** Problem requirements **
Beneath this instruction is a listing; print exactly the lines in it starting at the line that contains "Стальные резьбовые заклепки" and going through the line that contains "with sweetheart neckline".

** Information supplied **
═══
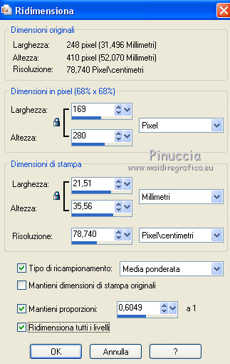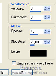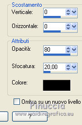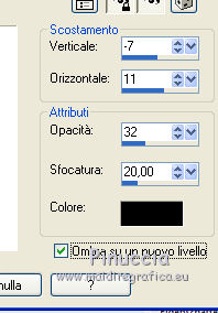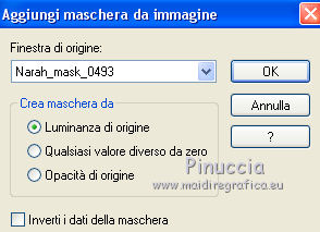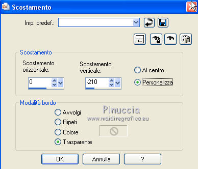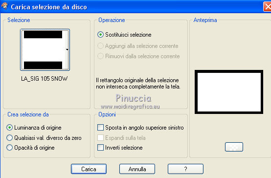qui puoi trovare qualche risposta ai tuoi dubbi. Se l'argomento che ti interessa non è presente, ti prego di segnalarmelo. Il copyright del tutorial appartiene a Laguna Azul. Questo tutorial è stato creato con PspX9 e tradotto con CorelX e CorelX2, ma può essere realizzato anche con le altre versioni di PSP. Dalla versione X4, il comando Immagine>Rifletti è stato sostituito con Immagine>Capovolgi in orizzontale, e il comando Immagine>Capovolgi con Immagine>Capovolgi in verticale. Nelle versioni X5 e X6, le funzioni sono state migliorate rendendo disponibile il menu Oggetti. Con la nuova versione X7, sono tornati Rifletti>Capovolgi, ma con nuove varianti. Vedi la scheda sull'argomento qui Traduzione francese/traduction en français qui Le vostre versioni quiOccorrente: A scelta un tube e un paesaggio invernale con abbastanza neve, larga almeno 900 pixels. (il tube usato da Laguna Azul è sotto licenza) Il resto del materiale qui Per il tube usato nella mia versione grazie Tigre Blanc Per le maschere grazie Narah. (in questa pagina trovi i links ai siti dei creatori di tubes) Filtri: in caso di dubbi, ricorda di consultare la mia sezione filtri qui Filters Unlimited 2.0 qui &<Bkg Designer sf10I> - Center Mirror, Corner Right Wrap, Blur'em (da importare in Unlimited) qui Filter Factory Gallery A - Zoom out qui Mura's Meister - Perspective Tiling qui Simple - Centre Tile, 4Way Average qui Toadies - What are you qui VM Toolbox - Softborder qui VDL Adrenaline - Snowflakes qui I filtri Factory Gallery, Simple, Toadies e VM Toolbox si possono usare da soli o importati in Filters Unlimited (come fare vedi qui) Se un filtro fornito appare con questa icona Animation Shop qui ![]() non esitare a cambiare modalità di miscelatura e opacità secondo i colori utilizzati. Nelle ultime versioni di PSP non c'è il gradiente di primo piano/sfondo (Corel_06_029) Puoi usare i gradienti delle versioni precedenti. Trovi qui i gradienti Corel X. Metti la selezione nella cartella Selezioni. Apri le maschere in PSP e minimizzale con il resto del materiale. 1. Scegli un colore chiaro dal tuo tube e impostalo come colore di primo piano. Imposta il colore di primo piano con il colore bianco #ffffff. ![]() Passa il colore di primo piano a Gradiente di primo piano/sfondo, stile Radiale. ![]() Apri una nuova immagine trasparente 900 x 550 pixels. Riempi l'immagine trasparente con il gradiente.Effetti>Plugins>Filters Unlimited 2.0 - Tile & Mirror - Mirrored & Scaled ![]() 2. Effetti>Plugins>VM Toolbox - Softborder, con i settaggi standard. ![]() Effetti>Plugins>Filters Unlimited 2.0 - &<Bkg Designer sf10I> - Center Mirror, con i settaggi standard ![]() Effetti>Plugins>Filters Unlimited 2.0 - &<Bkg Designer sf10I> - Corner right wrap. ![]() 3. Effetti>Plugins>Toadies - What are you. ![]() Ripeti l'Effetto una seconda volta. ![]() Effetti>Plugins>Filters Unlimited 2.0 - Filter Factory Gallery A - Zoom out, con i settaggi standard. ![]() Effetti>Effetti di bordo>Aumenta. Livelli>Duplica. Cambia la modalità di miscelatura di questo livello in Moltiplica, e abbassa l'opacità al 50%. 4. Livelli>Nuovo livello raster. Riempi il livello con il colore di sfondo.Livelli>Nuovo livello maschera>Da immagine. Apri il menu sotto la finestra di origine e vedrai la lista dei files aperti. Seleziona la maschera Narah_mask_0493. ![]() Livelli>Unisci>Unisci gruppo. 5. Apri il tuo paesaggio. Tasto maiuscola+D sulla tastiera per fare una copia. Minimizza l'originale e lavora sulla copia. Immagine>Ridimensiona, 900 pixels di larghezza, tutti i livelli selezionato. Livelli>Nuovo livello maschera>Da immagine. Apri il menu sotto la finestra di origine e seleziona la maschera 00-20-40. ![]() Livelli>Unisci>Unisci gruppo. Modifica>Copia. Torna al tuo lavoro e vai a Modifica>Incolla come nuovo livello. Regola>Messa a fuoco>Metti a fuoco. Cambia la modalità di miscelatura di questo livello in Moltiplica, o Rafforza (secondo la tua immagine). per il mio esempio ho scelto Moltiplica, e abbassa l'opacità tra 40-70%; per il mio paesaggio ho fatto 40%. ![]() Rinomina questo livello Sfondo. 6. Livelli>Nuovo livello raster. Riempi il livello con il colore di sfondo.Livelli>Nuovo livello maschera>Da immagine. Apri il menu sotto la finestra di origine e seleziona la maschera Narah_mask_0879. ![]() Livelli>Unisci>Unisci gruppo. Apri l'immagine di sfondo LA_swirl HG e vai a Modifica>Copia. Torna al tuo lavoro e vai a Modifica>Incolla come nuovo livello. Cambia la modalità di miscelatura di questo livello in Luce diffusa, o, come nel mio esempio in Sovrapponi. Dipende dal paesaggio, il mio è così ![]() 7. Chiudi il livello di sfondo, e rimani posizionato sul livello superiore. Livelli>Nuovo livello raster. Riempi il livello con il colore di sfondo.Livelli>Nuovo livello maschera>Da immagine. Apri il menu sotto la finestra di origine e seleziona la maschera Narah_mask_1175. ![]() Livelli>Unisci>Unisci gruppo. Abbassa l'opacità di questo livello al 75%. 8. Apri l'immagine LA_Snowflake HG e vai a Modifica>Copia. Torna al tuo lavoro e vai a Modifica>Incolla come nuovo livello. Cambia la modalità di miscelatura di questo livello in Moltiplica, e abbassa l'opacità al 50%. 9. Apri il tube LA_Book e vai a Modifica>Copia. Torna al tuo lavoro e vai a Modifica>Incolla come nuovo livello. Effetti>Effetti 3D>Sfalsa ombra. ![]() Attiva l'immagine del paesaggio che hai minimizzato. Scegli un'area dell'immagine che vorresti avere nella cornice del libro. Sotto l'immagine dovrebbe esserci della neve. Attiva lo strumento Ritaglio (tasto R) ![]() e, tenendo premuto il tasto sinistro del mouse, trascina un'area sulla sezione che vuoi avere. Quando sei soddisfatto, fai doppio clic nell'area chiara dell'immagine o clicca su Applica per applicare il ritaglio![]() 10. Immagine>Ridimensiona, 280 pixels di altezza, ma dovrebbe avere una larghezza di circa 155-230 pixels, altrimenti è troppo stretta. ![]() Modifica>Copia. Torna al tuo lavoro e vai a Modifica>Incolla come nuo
═══
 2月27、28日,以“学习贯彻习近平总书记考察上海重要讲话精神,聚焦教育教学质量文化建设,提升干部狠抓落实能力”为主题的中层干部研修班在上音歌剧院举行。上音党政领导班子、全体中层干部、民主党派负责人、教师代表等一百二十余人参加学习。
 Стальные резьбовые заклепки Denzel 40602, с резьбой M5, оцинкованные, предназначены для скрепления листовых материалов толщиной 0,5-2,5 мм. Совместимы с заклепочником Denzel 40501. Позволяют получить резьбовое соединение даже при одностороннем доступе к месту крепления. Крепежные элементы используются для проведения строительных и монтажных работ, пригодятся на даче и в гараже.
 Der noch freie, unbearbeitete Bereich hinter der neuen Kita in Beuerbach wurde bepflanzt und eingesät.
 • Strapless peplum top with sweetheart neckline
═══
** Answer for this exercise **
 Стальные резьбовые заклепки Denzel 40602, с резьбой M5, оцинкованные, предназначены для скрепления листовых материалов толщиной 0,5-2,5 мм. Совместимы с заклепочником Denzel 40501. Позволяют получить резьбовое соединение даже при одностороннем доступе к месту крепления. Крепежные элементы используются для проведения строительных и монтажных работ, пригодятся на даче и в гараже.
 Der noch freie, unbearbeitete Bereich hinter der neuen Kita in Beuerbach wurde bepflanzt und eingesät.
 • Strapless peplum top with sweetheart neckline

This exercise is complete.